ReDim ResultsAverage(1 To LoopNumber) As Double
ReDim ResultsNumber(1 To LoopNumber) As Double

‘main program loop
For TheLoop = 1 To LoopNumber

‘display current values and generate new binary seed
Range(“A6”).Value = TheLoop
Range(“C6”).Value = ProbAverage
Calculate

‘see where all guests are in fixed position and set cell values for required p(g)
StepNumber = Cells(4, 11 + Guests).Value
ProbRow = 4 + 2 * StepNumber   ‘moves down to first fixed position
ProbColumn = 10 + Guests     ‘allows code to run for different numbers of guests

‘find p(g) for that arrangement and calculate new average probability
ProbNumber = Cells(ProbRow, ProbColumn).Value
ProbAverage = (ProbAverage * (TheLoop) + ProbNumber) / (TheLoop + 1)

‘store values in the storage array
ResultsNumber(TheLoop) = ProbNumber
ResultsAverage(TheLoop) = ProbAverage

‘go again!
Next TheLoop

‘fill the storage area with the results
For TheLoop = 1 To LoopNumber
Sheets(“Values”).Cells(TheLoop, “A”) = TheLoop
Sheets(“Values”).Cells(TheLoop, “B”) = ResultsNumber(TheLoop)
Sheets(“Values”).Cells(TheLoop, “C”) = ResultsAverage(TheLoop)
Next TheLoop

End Sub

The process on my old XP powered PC was rather slow due mainly to the refreshing of the guests each time. However, it did allow me to watch the change in the figures diminish over time as they approached the true value. Reducing the visible window to just the output values helped increase the speed significantly.

Six People

Six guests with two conversing pairs and two ‘gooseberries’
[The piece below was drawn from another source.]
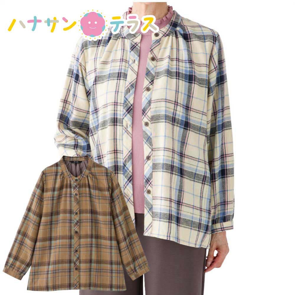 背キルト格子柄シャツ ブラウス M L シニアファッション 70代 80代 90代 アクティブシニア 100歳 レディース 婦人 用

There are two possible outcomes: all six in conversation or two pairs and two ‘gooseberries’ the latter in several permutations. We should then expect the value to be some way below one third as the groups of three depreciate the figure from the sets of two and two. I was slightly surprised at how much more often the set of three conversations appeared than the two and two arrangement.

p(g6)=0.0998

Graph of shorter run with six guests showing oscillations of average value

Seven People [Yes, a heptagonal table!]

Seven guests in three pairs and one ‘gooseberry’

This was a good test of the logic built into the spreadsheet and the code. There can only be one value for p(g) each time as the guests can not be arranged other than three pairs and one ‘gooseberry’. Running simulations with seeds of 0.144 and 0.142 showed the value settle to one seventh to six decimal places within a little over a thousand steps.

p(g7)=0.142857

Eight People

Eight guests arranged in three pairs with two ‘gooseberries’

Finally I felt ready to tackle the actual problem set! There are two possible stable configurations: four conversations or three pairs and two ‘gooseberries’ of which there are a number of permutations. We would thus expect a value some way below one quarter as the sets of four diminish the value from the sets of three and two, as with six guests.

p(g8)=0.1283

Graph of medium length run with eight guests

Even with a million loops the final value is only stable to three decimal places. However I am reasonably confident in the value expressed above. This has been an enjoyable challenge; I hope that I have shown that something as esoteric to most people as the Monte Carlo method can be applied to a simple model of a real life situation and be implemented in a straightforward manner with Excel, plus a touch of VBA.